**Given data:**
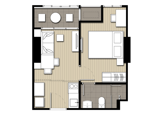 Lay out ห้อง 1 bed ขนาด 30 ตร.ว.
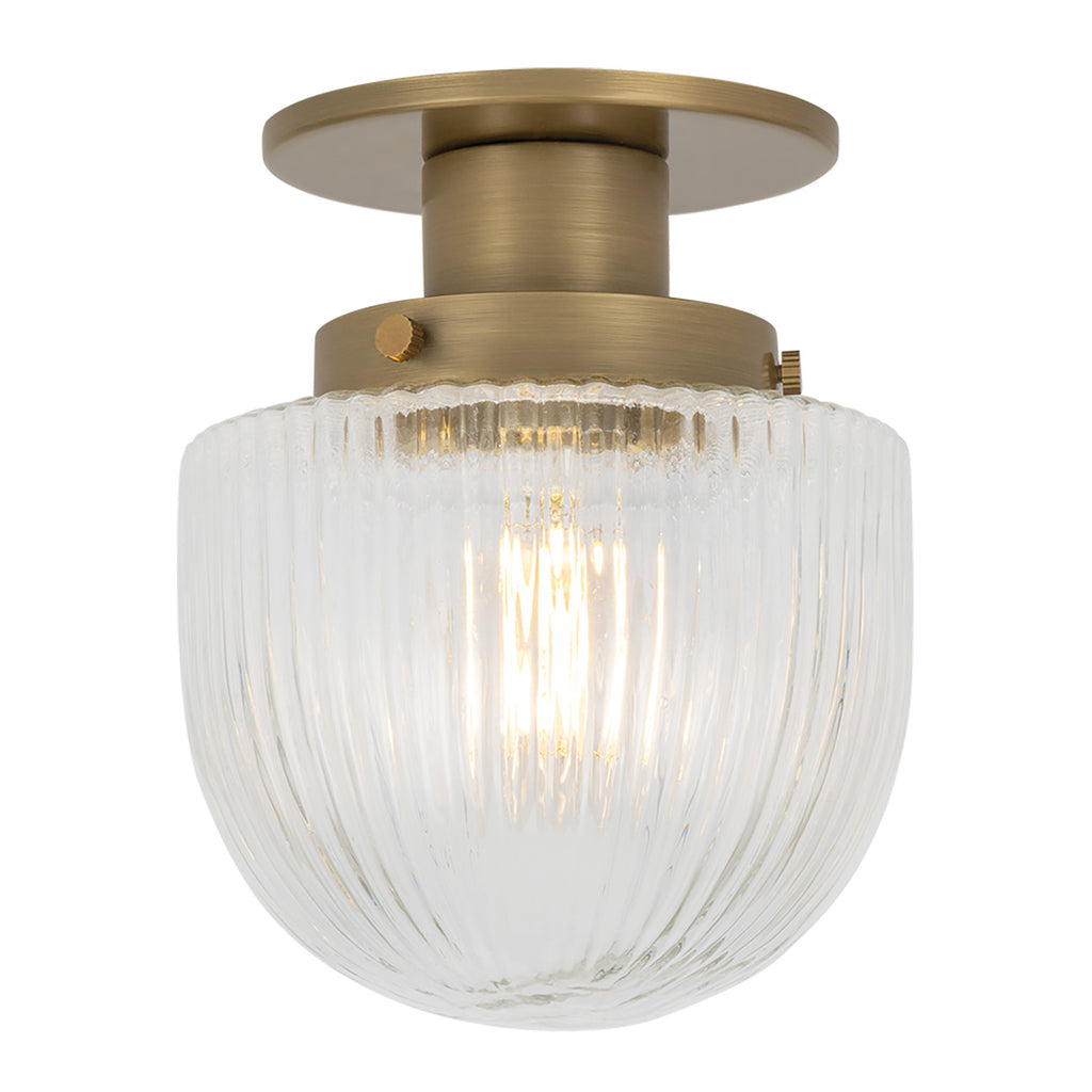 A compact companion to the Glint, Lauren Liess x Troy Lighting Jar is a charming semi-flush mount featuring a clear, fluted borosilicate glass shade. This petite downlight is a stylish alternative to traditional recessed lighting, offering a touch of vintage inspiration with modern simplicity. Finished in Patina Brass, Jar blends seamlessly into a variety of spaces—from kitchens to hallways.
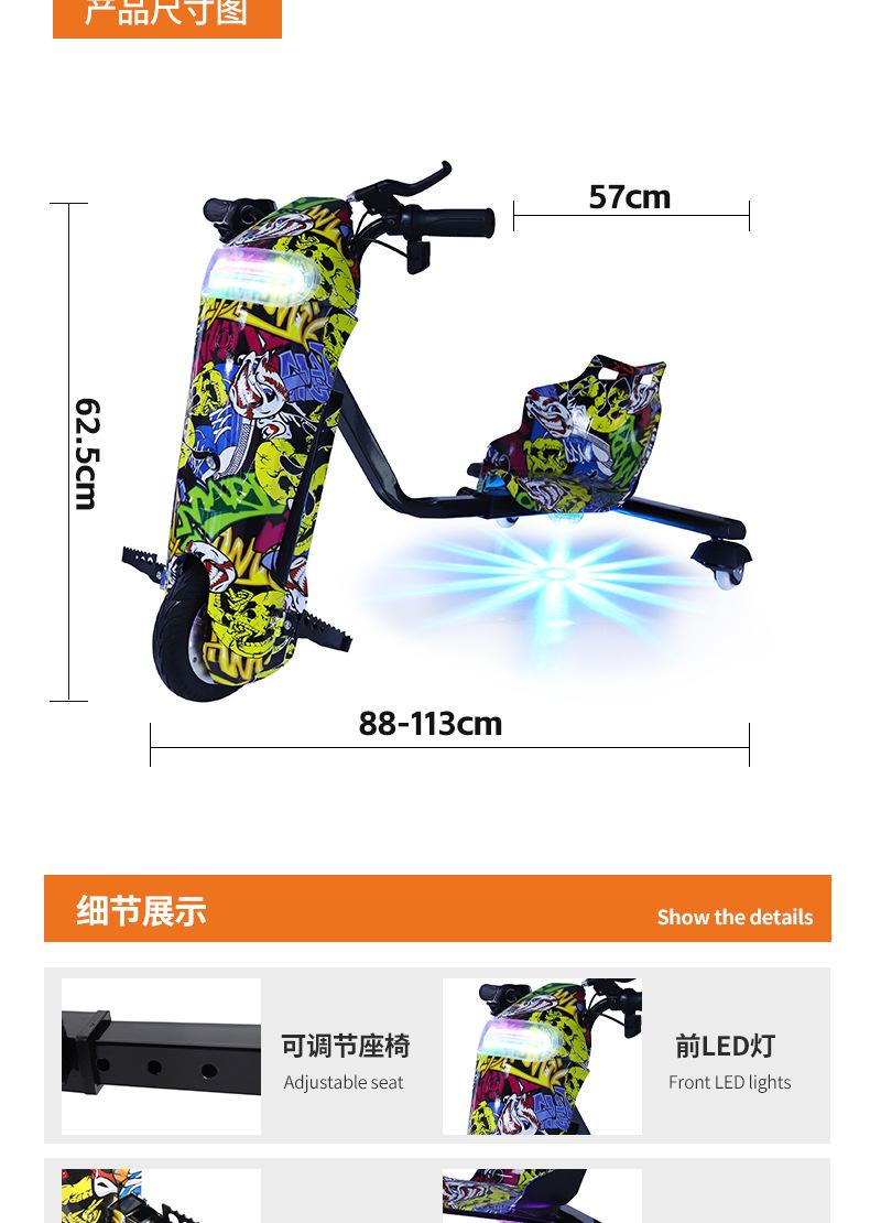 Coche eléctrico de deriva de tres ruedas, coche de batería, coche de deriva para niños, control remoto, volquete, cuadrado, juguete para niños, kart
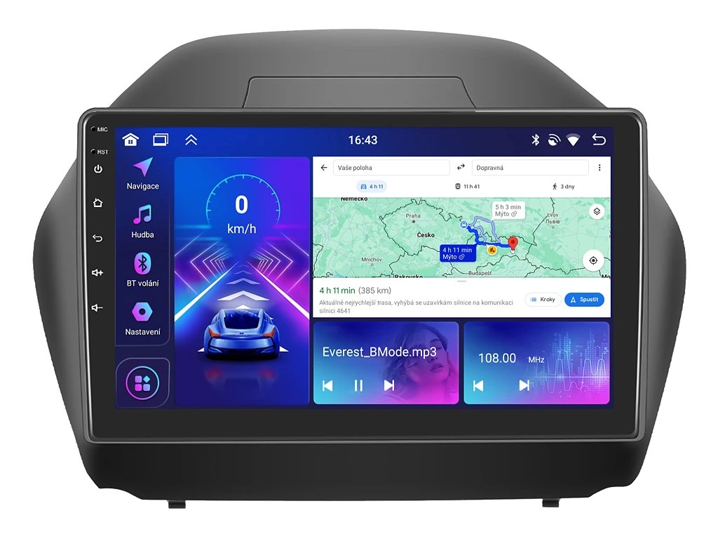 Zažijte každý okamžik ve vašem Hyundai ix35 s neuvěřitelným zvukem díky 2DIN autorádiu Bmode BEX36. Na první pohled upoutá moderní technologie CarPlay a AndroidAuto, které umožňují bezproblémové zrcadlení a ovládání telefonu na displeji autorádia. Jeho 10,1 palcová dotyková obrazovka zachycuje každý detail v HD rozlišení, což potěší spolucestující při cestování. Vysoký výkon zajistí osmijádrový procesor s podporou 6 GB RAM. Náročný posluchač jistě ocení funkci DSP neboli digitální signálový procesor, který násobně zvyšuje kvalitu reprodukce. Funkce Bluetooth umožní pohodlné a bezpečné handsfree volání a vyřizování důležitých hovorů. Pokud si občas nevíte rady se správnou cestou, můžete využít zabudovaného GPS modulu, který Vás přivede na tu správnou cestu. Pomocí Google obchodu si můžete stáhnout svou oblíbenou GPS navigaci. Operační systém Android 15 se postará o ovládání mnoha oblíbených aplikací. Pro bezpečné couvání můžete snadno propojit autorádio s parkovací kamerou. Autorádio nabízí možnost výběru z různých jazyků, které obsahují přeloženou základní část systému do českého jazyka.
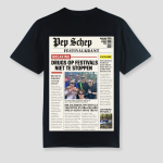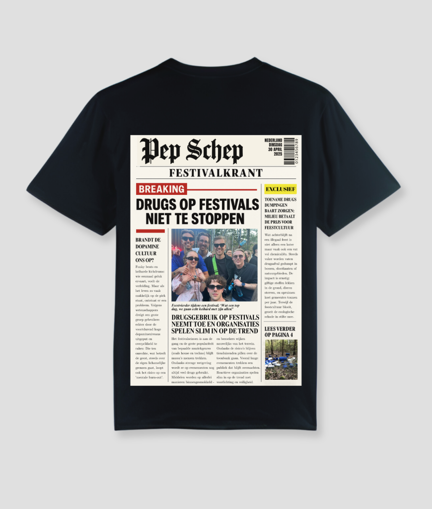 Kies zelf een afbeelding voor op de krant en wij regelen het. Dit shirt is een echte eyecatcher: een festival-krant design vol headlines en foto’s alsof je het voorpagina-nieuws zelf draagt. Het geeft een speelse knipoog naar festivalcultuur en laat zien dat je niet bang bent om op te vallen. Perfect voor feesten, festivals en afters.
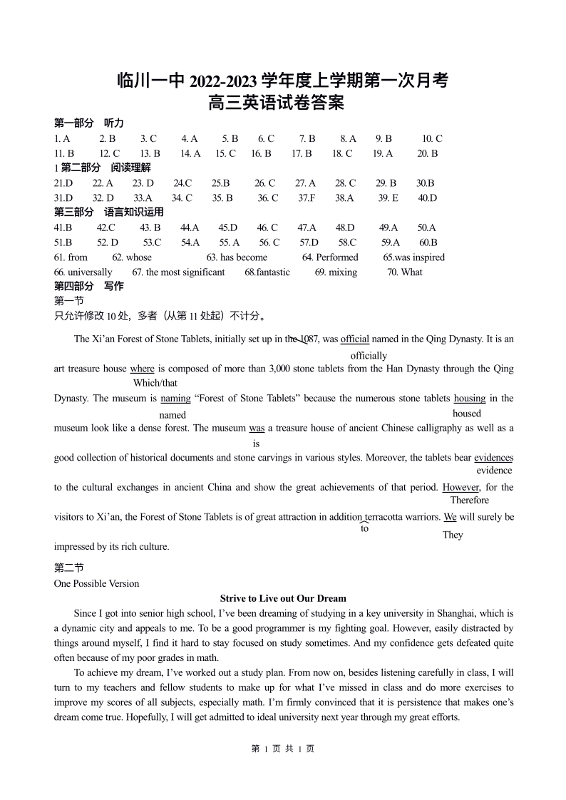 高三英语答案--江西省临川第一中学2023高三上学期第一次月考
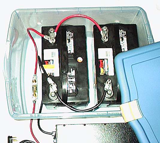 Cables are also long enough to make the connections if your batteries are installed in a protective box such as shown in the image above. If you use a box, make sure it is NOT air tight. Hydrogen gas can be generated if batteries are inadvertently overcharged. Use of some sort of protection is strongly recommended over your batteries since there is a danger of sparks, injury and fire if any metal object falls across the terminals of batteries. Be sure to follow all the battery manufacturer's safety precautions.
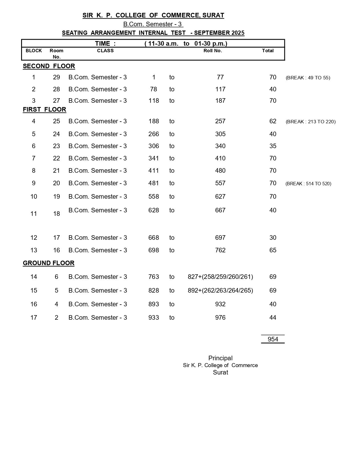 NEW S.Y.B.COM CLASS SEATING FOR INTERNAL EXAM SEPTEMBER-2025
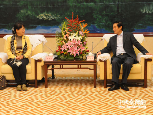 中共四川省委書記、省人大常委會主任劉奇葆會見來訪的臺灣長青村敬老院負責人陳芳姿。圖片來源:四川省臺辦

**Problem to work on:**
Every line from the one holding "高三英语答案--江西省临川第一中学2023高三上学期第一次月考" through the final line of the data above is to be reproduced exactly, both ends included, with the pictures left out.

**Answer:**
 高三英语答案--江西省临川第一中学2023高三上学期第一次月考
 Cables are also long enough to make the connections if your batteries are installed in a protective box such as shown in the image above. If you use a box, make sure it is NOT air tight. Hydrogen gas can be generated if batteries are inadvertently overcharged. Use of some sort of protection is strongly recommended over your batteries since there is a danger of sparks, injury and fire if any metal object falls across the terminals of batteries. Be sure to follow all the battery manufacturer's safety precautions.
 NEW S.Y.B.COM CLASS SEATING FOR INTERNAL EXAM SEPTEMBER-2025
 中共四川省委書記、省人大常委會主任劉奇葆會見來訪的臺灣長青村敬老院負責人陳芳姿。圖片來源:四川省臺辦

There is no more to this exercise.